Ich finde, man sollte dem Spiel eine faire Chance geben. Damit meine ich nicht, dass man gleich das dickste Paket vorbestellen soll (sollte man sowieso eigentlich generell nicht machen). Erstmal den Release abwarten, die Urteile anderer über die fertige Release-Version abwarten (die "aktuelle" Presseversion hängt dem derzeitigen Stand wohl einige Monate hinterher) und dann sehen, ob es was für einen ist oder nicht. Diese ganzen Vorverurteilungen, weil die Entwickler einmal "_Schrott*_" produziert haben, halte ich für völlig übertrieben.
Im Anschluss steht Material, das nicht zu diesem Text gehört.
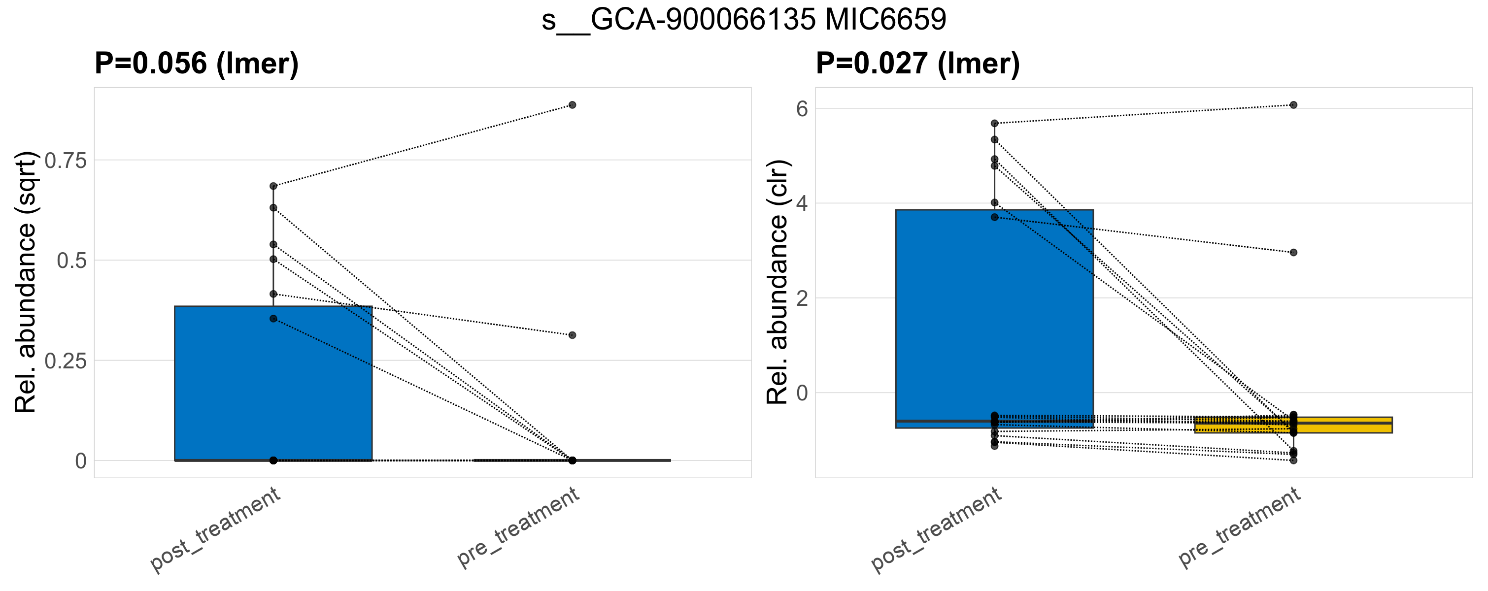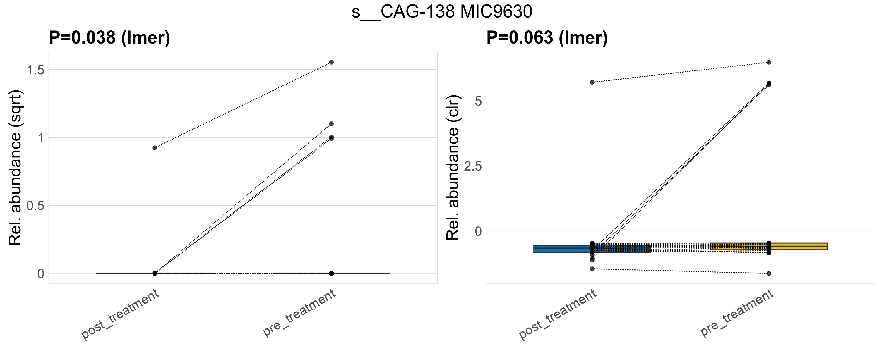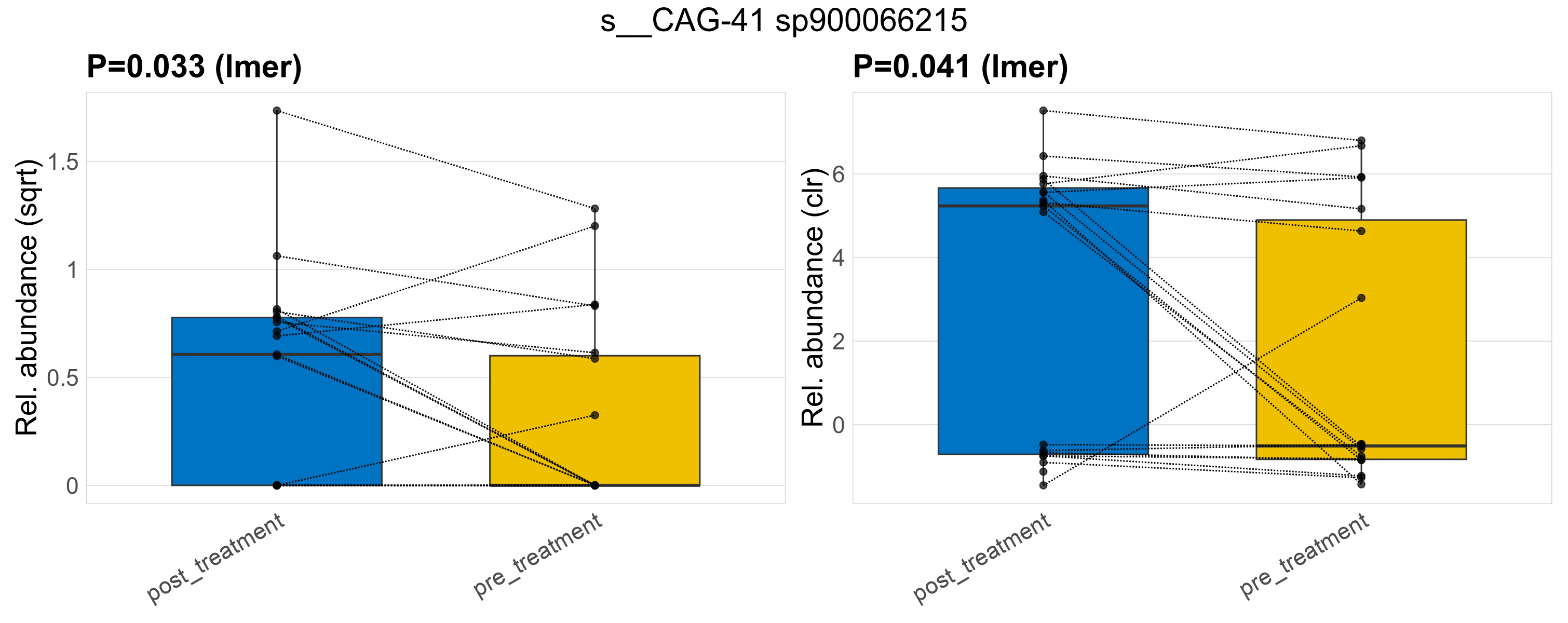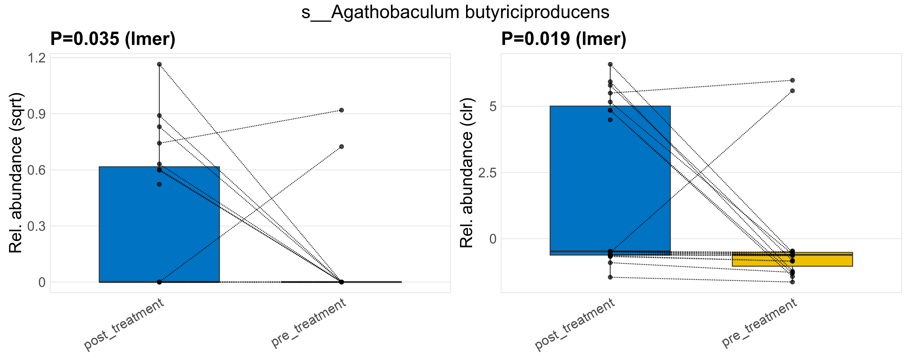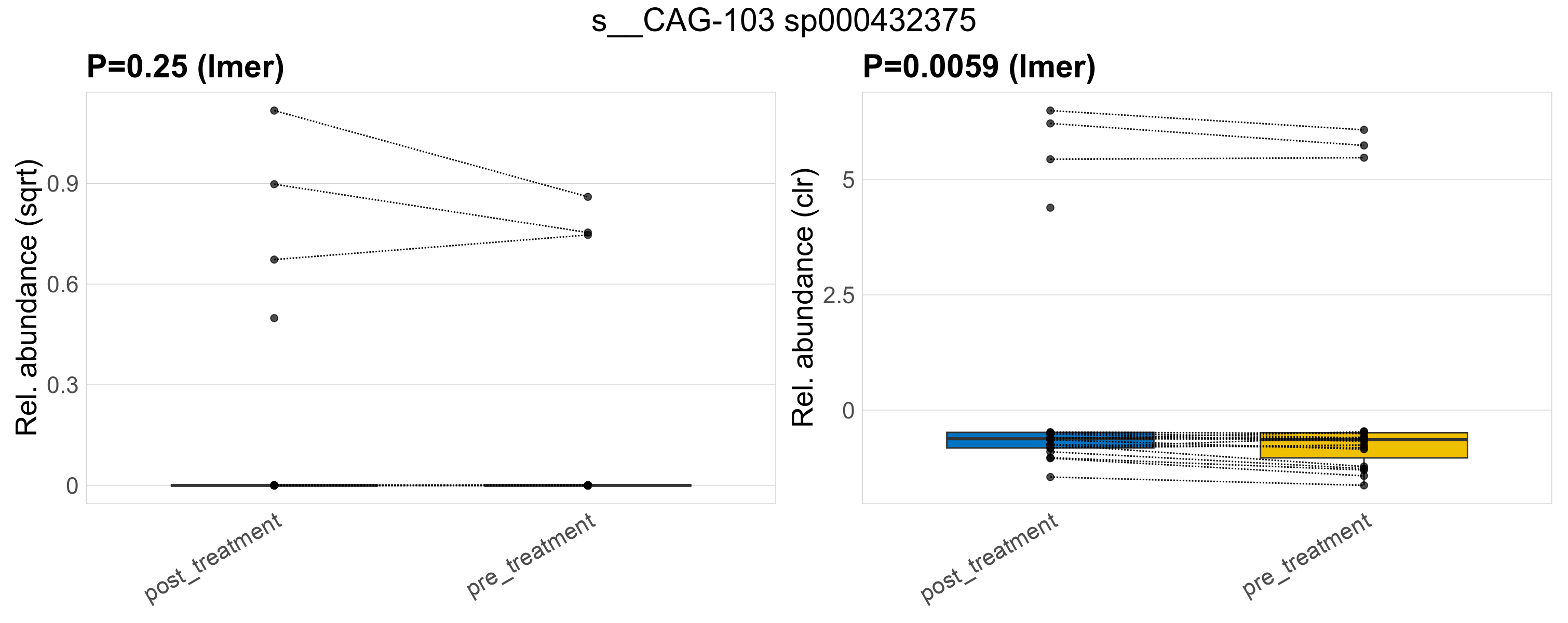 P lmer condition effect (sqrt): Differentially abundant species were identified by linear mixed effect regression without confounders. Random effects: Participant (intercept). Fixed effects: Treatment. Effect tested: Treatment.

PCars 2 will sicher nicht die Über-Hardcore-Simulation a la rFactor 2 oder Automobilista werden. Aber muss es das denn überhaupt? Ich denke nicht. Was ich mir erhoffe, ist eine rundum schön gemachte Einsteigersimulation mit toller Optik, die sowohl Neulingen, als auch Fortgeschrittenen Spaß macht. Und wenn man da die Meinungen diverse Simracer bei Youtube sieht (z. B. GamerMuscle, P1TV, rAii von den Pixelhelden, Jimmy Broadbent), dann ist das Spiel durchaus auf dem richtigen Weg, auch wenn noch nicht jedes Fahrzeug in der Presseversion auf dem gleichen Qualitätsniveau ist.
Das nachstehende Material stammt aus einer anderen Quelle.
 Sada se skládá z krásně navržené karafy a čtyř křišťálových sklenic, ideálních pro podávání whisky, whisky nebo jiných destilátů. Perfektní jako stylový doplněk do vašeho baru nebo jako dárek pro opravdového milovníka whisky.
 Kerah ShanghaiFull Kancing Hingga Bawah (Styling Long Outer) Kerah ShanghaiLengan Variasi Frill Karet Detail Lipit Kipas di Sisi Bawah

*_Und sooo schlecht, wie PCars 1 gemacht wurde, war es auch nicht. Die Karriere war toll, es hab reichlich Content, einige Fahrzeuge und Strecken haben auch durchaus Spaß gemacht. Dass die Physik nicht so toll war und auch das Force Feedback viele Wünsche offen ließ, scheint den Entwicklern selbst klar zu sein._


----------



## Birdy84 (25. August 2017)

Neawoulf schrieb:


> Diese ganzen Vorverurteilungen, weil die Entwickler einmal "_Schrott*_" produziert haben, halte ich für völlig übertrieben.
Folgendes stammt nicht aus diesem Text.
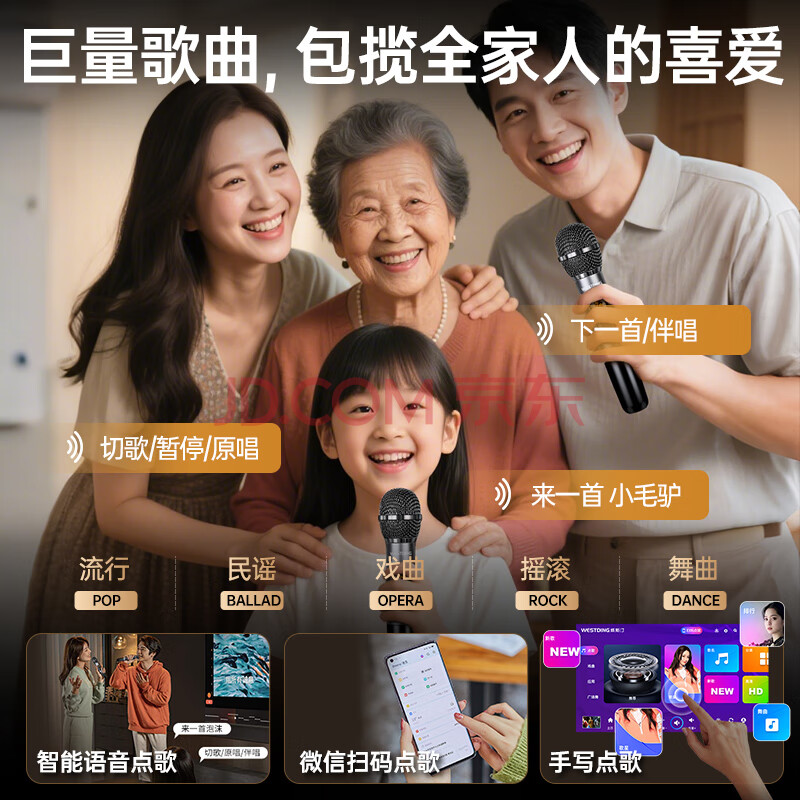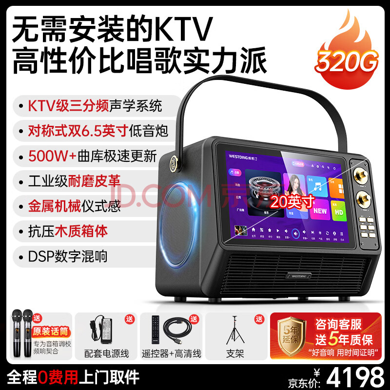 商品相册:威斯汀ktv音响家庭k歌一体机 卡拉ok点歌机显示屏 户外便携广场舞蓝牙音箱GLE320-320G家用版 第
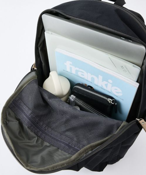 トラベルシーンにも対応できる、普段から使える拡張バッグシリーズ。撥水素材を使用した軽量仕上げのリュック。内側のクッションポケットは書類やPC用としてはもちろん、へたれにくいので何でもザクザク収納しやすい万能ポケットです!本体背面はメッシュで通気性UP!
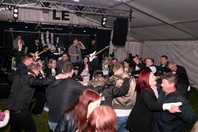 Večer se je zaključil v sproščenem vzdušju ob zabavi z glasbenima skupinama STOP in Blue Planet, ki sta poskrbeli za veselo nadaljevanje druženja gasilk in gasilcev.
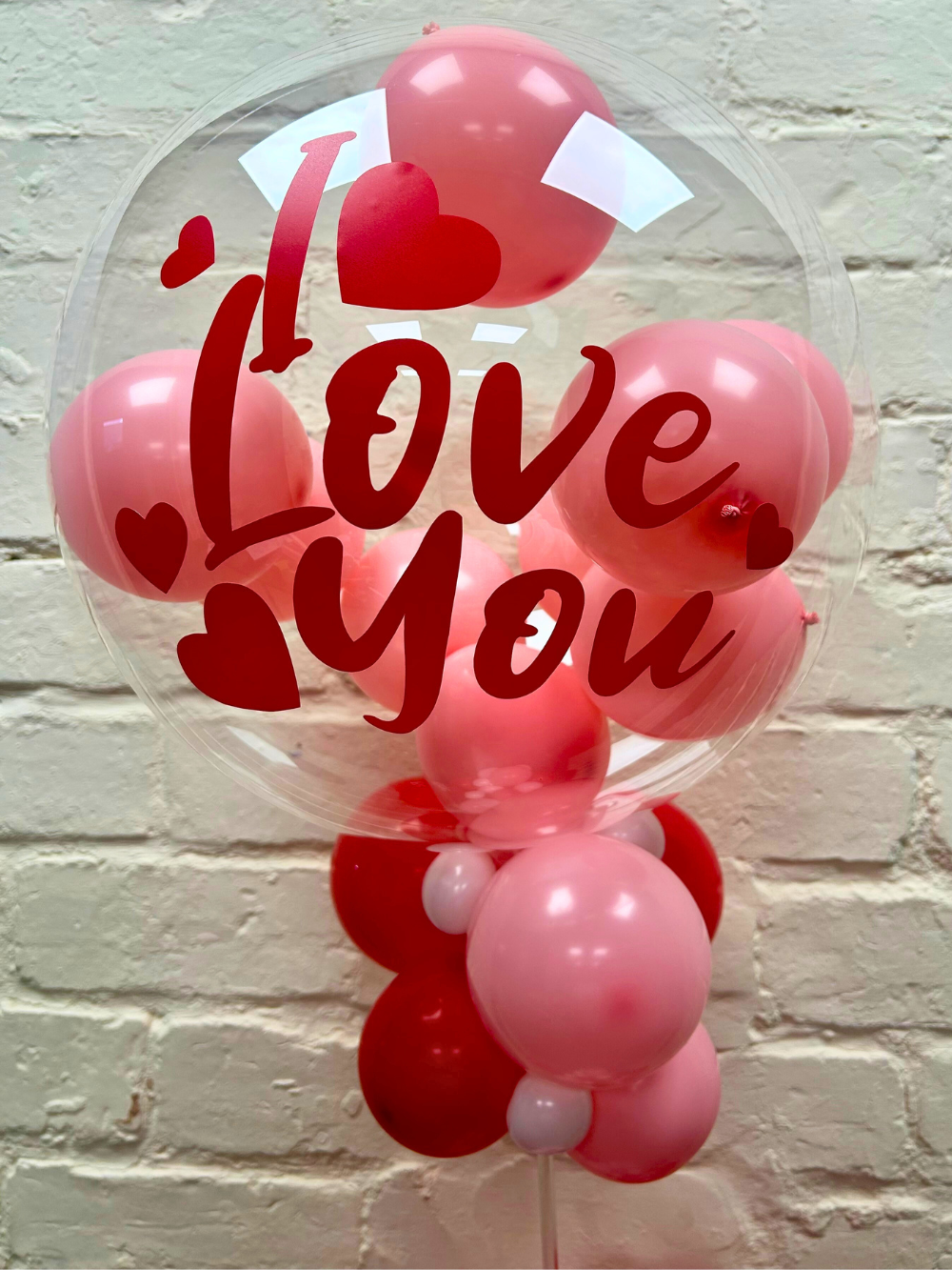 A stunning Valentine’s gift balloon featuring a clear bubble filled with soft pink balloons and bold red “I Love You” vinyl, finished with heart details and a playful “Pop Me” surprise.
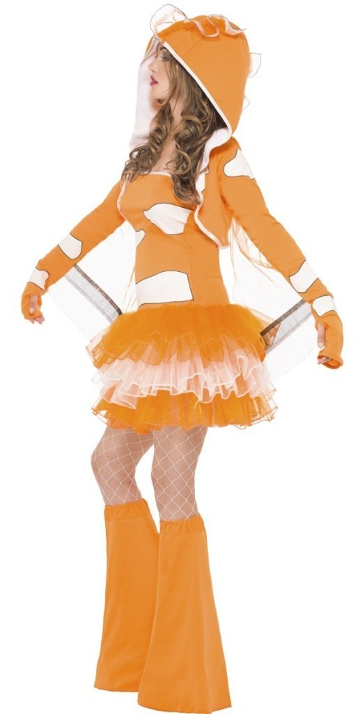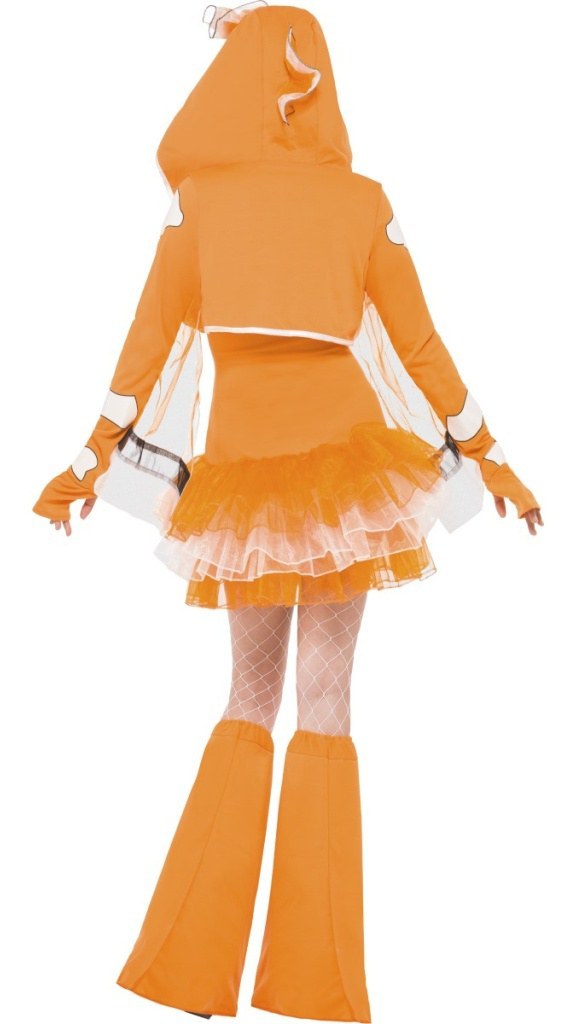 Clownfish Tutu Dress includes a orange and white dress with tutu style skirt and detachable straps. Also included is a matching jacket with hood.

Man braucht sich ja bloß mal Shift und PCars 1 anschauen. Das sind beides Titel, die beim Release sehr schwere Bugs hatten, wie z.B.: Autos, die nicht losfahren (Shift) oder Autos, die sich in Kurven überschlagen (PCars). Beide Spiele sind nicht schlecht, veranlassen mich aber garantiert nicht dazu, meine Arme vor Release eines Nachfolgers hochzureißen.


----------



## BMWDriver2016 (2. September 2017)

Haha schaut euch das Video mal an. Sorry aber was für eine dreiste Abzocke, solche Optimierungen werden woanders als Patch/Upgrade anbgeoten.
Und in deren Forum wird anscheinend jegliche Kritik sofort gelöscht liest man. Sorry aber die ganze PC-Reihe und deren Entwickler sind nunmal kacke. 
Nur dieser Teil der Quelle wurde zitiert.